May 27, 2025

LWKD: Week Ending May 25, 2025

Week Ending May 25, 2025

Developer News

The Program Committee is now accepting applications for the Maintainer Summit North America 2025. Share your interest in joining the committee before Monday, July 7th.

Release Schedule

Next Deadline: PRR Freeze, June 12th

The Release Cycle for 1.34 has started, and the release team is actively collecting enhancements. SIG Leads should discuss enhancements and add the lead-opted-in label for KEPs going into v1.34.

Featured PRs

131842: Add metrics for compatibility version

This PR adds alpha metrics for binary, emulation, and minimum compatibility versions in componentGlobalsRegistry, exposed via Prometheus in kube-apiserver, scheduler, and controller-manager for observability of version negotiation. It introduces an AddMetrics method that publishes the binary version, emulation version, and minimum compatibility version of each component as Prometheus gauge metrics. Users can now monitor version negotiation for kube-apiserver, scheduler, and controller-manager using these metrics.

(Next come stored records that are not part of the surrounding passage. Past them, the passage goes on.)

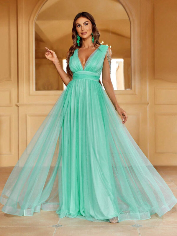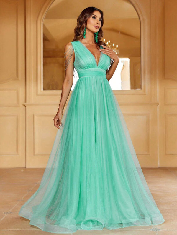 لباس دارای یقه عمیق، پشت بدون پشت و با دامن جمع‌شده است.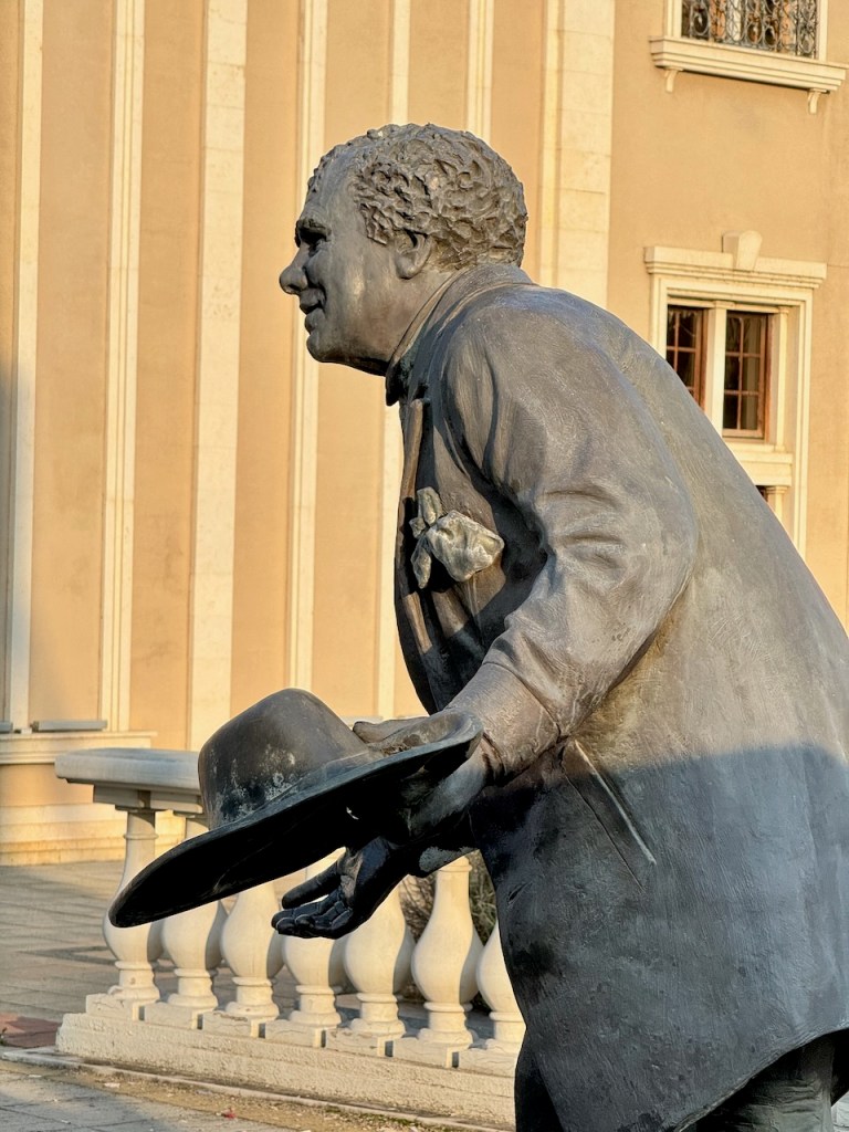 Patsaita tosiaan riittää niin, että niihin suhtautuminen on jo usein kriittistä, ainakin ristiriitaista, mutta oli niitä kiva katsella. Skopje on turisteille edullinen, mutta eipä ihan noin halvalla kaikkea löydy.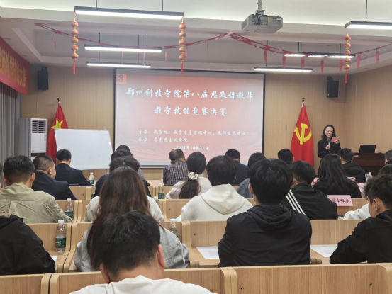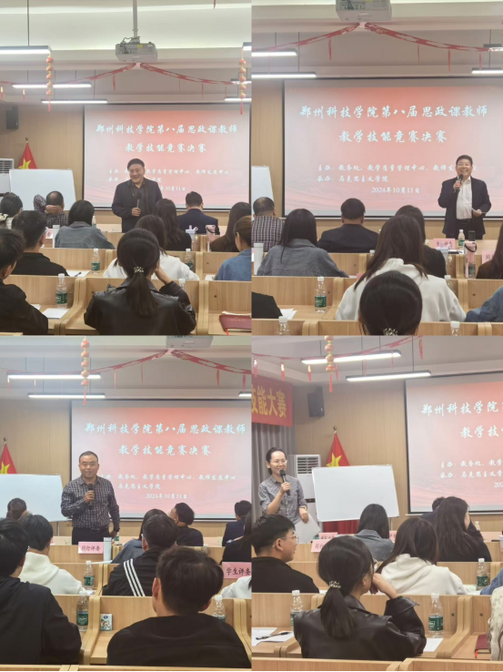 10月11日,郑州科技学院第八届思政课教师教学技能大赛在科教东楼101室举行。本次比赛由教师发展中心、教务处、教学质量管理中心主办,马克思主义学院承办。河南工业大学马克思主义学院院长李海涛教授、河南财经政法大学科研发展部部长田训龙教授、郑州大学马克思主义学院程明欣教授、河南农业大学马克思主义学院习近平新时代中国特色社会主义思想概论教研部主任刘宁静副教授和郑州科技学院周景伟副教授、王自寻副教授、李帅卫副教授担任专家评委,7位思政课骨干教师担任同行评委,11位学生担任学生评委。全体思政课教师和部分学生现场观摩比赛。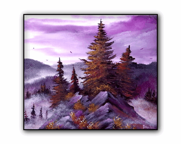 Immerse yourself in the enchanting beauty of nature with our stunning original acrylic painting, “Mountain Ridge Under Lavender Sky.” This captivating artwork showcases majestic mountain peaks silhouetted against a dreamy lavender-hued sky, blending soft purples, deep blues, and earthy tones. The serene composition invites a sense of peace and wonder, transporting you to a quiet, untouched wilderness at twilight.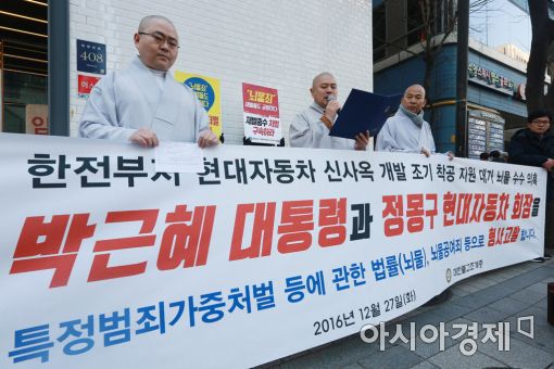 [아시아경제 문호남 인턴기자] 대한불교조계종이 27일 오전 서울 강남구 특별검사 사무실 앞에서 박 대통령과 정몽구 현대차 회장의 '한전부지 현대자동차 신사옥 개발 조기 착공 지원 대가 뇌물 수수 의혹'을 주장하며 형사고발 기자회견을 갖고 있다.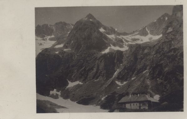 Schronisko przy Zielonym Stawie Kieżmarskim. W tle od lewej: Baranie Rogi, Czarny Szczyt, Kołowy Szczyt.

128748: feat: introduce pInfo.UnschedulableCount to make the backoff calculation more appropriate

This PR updates the scheduler to separate scheduling failures caused by plugin rejections from those caused by internal errors. It introduces UnschedulableCount to track only plugin-based rejections, ensuring that transient errors like API failures or network issues do not increase backoff time unfairly. This change improves scheduling fairness and responsiveness under cluster instability.

129983: feature(scheduler): Customizable pod selection and ordering in DefaultPreemption plugin

This PR introduces support for customizing pod selection and ordering in the DefaultPreemption plugin; It adds optional EligiblePods and OrderedPods function hooks, allowing scheduler integrations to override the default behavior without reimplementing the plugin. This enables more flexible preemption strategies while maintaining the existing plugin interface.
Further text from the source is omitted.